Pascal Chabot’s introduction to the work of Gilbert Simondon - one of a precious few available in English - is a deceptively simple work by a writer of great elegance and poise. Less concerned with detailing the twists and turns of Simondon’s intricate arguments, Chabot instead hones in on the ramifications and cosmic implications of Simondon’s philosophy, laying bare the universal stakes of Simondon’s intertwined thought of technology and individuation. For Chabot, Simondon in fact comes off as more of a dreamer and a visionary than a philosopher: one whom, despite all his concern with technology, ultimately advocates for nothing less than a harmonization and reconciliation between humanity, technology, and the natural world from which both are borne.
Highlighting Simondon's affinity with the universalist sentiments of the Encyclopedists like Diderot and D'Alembert, Chabot thus paints Simondon as an enlightenment thinker with a twist: not nature, but technology can serve as the vector for a humanity redeemed, fulfilled in a 'technoaesthetic' in which the fusion of technology and nature lies at the endpoint of history.

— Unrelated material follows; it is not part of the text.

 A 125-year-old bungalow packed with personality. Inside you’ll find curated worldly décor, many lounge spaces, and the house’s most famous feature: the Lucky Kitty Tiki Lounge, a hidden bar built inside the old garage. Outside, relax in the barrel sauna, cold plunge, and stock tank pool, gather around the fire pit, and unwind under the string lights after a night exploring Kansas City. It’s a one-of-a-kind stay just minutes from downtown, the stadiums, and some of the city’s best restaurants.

Just how Simondon attempted to chart this path of concordance is the unifying thread that runs through Chabot's book, which moves in bold, thematic brush strokes through Simondon’s relation to cybernetics, Marxism, Jungian depth psychology, and Simondon's otherwise puzzling engagements with the sacred and the arcane.

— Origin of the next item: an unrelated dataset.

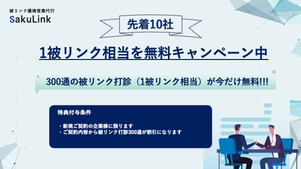 ただいまSakuLinkでは、新規ご契約いただいた先着10社様に1被リンク相当(300通の打診)を無料でプレゼントするキャンペーンを行っています。

In some sense, The Philosophy of Simondon is almost too simple a book - Chabot's writing is so easily digestible that entire paragraphs can waft past without being truly absorbed. This is partly a consequence of a lack of any rigorous conceptual analysis which would provide grist to a philosophical mill, but this, in turn, is the price paid for the massive synoptic sweep that Chabot casts out across the span of Simondon's philosophy. To this degree, The Philosophy of Simondon is better characterized as an introduction to a Simondonian 'atmospherics', an acclimatization to the intellectual touchstones that underlie Simondon's overarching project. Perfect, in other words, for anyone looking for a gentle but broad induction into one of last century's most interesting thinkers.